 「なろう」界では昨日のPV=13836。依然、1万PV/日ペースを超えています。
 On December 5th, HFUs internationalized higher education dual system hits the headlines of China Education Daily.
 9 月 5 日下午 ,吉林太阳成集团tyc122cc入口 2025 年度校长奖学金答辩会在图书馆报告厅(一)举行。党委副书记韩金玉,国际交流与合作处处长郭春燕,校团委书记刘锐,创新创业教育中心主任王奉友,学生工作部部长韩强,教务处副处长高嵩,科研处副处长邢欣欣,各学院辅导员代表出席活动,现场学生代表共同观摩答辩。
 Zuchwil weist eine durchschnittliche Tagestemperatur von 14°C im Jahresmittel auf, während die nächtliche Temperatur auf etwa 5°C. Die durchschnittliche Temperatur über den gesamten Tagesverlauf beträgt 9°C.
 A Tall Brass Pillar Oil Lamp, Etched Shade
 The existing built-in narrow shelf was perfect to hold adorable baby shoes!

---

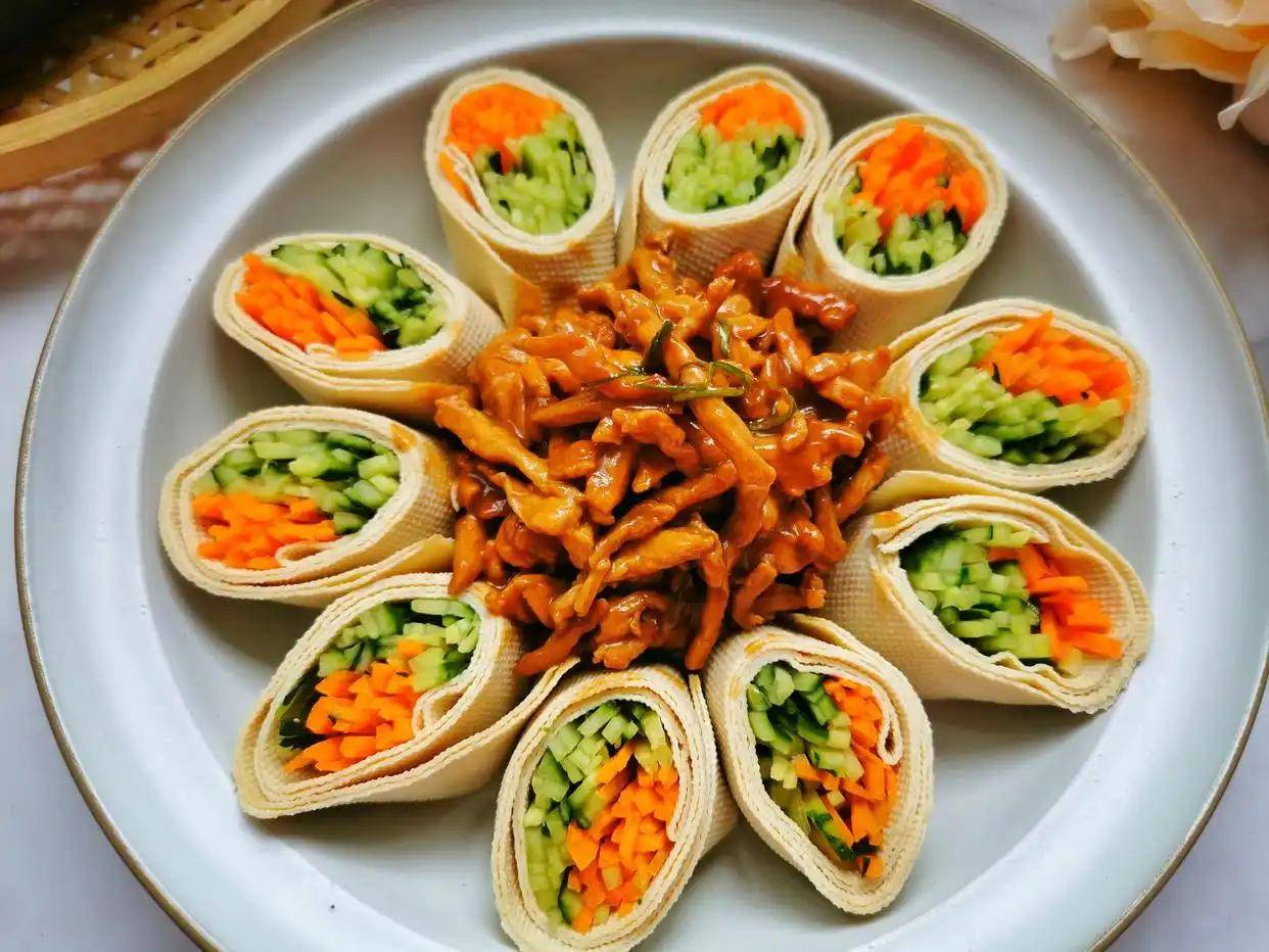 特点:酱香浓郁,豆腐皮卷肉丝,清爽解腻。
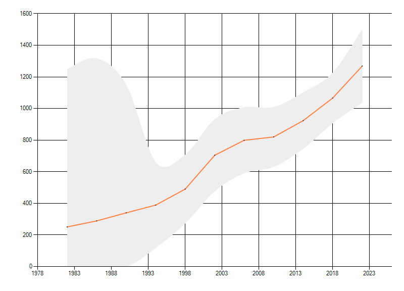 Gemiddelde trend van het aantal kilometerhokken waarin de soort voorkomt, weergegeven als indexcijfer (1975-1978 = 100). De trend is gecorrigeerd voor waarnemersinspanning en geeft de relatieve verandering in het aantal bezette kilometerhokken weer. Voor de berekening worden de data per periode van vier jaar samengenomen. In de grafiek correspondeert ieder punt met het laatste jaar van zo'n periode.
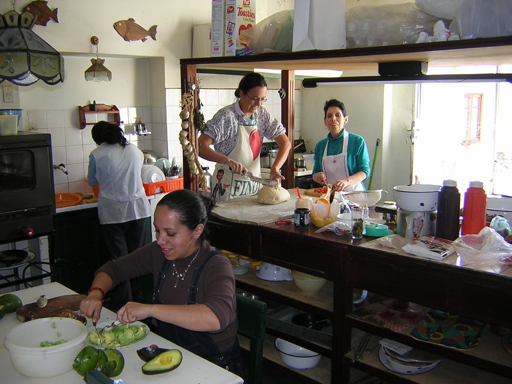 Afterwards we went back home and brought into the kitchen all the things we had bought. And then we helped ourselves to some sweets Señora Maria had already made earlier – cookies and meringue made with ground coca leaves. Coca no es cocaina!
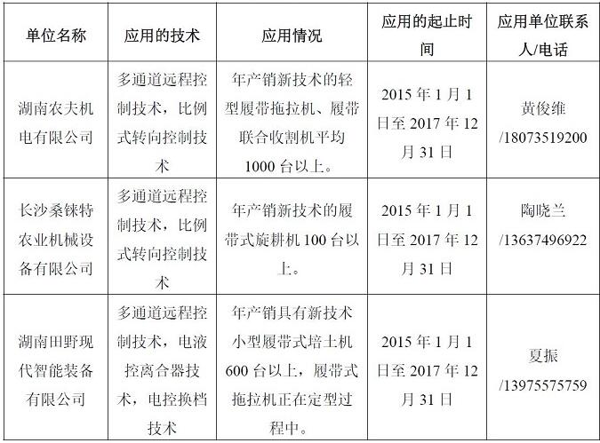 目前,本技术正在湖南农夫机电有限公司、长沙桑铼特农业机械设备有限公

--

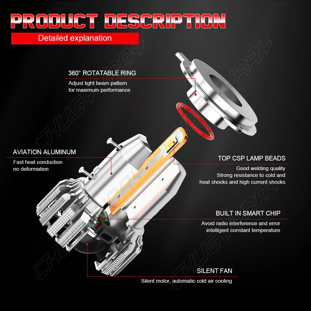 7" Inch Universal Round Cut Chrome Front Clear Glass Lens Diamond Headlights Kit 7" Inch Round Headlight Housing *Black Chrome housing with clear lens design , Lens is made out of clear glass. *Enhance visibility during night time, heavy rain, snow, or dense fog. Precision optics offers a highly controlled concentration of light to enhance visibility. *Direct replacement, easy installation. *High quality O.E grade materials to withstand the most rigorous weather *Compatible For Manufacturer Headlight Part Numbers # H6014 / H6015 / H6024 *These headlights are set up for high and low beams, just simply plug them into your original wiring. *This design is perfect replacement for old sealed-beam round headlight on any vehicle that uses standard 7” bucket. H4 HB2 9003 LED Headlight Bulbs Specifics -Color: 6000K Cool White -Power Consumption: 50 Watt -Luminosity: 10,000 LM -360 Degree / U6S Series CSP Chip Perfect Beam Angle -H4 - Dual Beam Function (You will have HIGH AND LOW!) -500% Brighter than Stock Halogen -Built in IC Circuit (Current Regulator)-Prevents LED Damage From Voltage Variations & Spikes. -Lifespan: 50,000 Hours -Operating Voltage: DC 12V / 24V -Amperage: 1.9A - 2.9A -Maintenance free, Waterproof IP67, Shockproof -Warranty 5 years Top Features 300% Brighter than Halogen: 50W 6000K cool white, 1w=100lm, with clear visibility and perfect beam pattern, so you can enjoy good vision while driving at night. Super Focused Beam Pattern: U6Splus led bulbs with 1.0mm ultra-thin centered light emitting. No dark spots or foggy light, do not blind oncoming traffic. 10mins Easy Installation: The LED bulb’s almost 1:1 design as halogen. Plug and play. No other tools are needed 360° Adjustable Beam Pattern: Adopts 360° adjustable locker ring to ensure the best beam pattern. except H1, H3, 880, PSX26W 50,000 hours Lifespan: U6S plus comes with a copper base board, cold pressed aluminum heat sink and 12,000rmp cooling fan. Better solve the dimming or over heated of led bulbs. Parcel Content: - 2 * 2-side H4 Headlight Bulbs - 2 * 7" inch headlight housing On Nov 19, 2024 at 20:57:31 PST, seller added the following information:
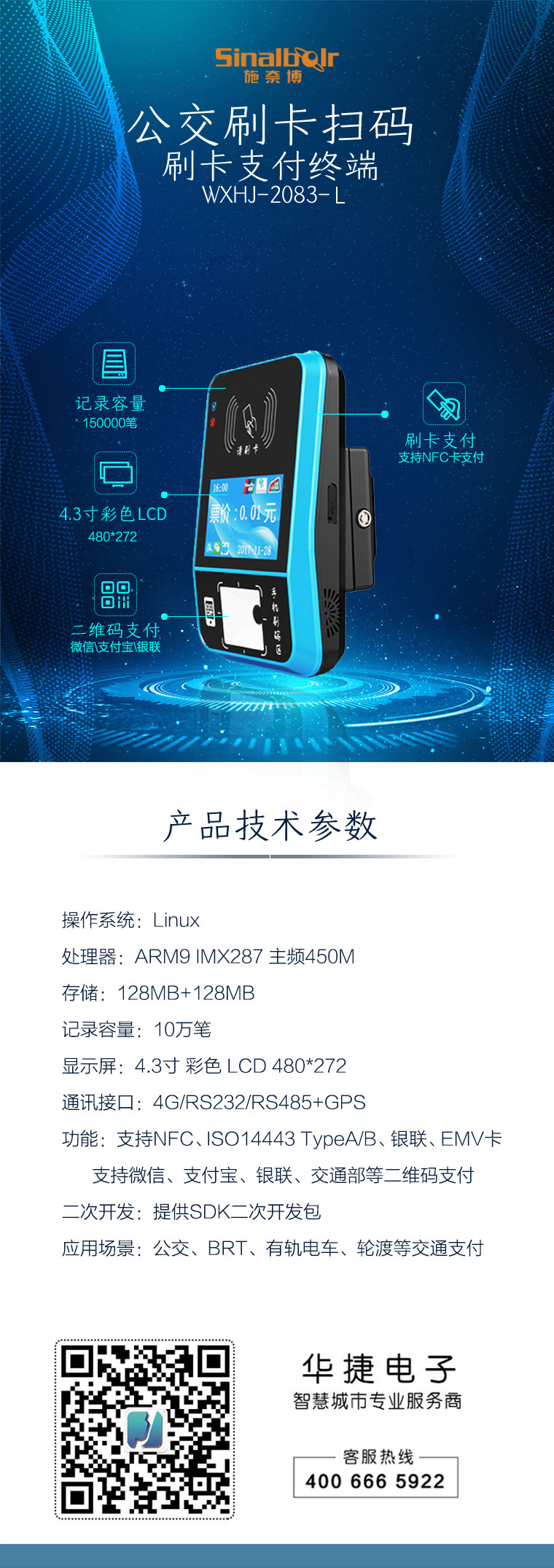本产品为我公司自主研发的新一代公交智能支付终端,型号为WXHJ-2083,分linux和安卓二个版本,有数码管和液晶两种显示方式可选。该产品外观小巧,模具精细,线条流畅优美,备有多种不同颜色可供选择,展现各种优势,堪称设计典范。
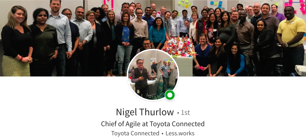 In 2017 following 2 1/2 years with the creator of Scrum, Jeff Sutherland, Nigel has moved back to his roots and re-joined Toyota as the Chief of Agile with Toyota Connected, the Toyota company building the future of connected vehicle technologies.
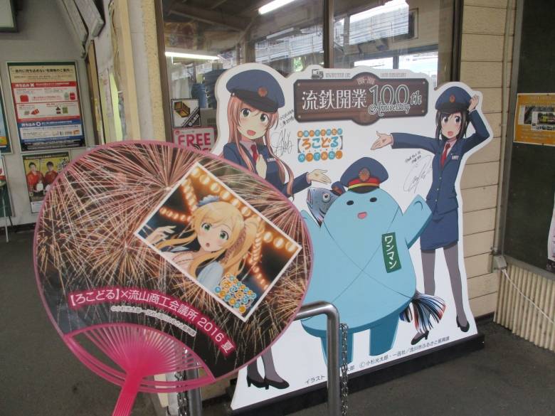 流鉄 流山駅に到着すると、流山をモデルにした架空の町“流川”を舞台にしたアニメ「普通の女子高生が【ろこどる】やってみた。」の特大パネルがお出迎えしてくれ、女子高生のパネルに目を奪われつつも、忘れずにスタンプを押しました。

* **WHAT YOU ARE ASKED TO DO**: Would you please reproduce the entries above, starting at the line with "Afterwards we went" and stopping after the line with "目前,本技术正在湖南农夫机电有限公司、长沙桑铼特农业机械设备有限公"? Omit any pictures.

* **ANSWER AREA**:
 Afterwards we went back home and brought into the kitchen all the things we had bought. And then we helped ourselves to some sweets Señora Maria had already made earlier – cookies and meringue made with ground coca leaves. Coca no es cocaina!
 目前,本技术正在湖南农夫机电有限公司、长沙桑铼特农业机械设备有限公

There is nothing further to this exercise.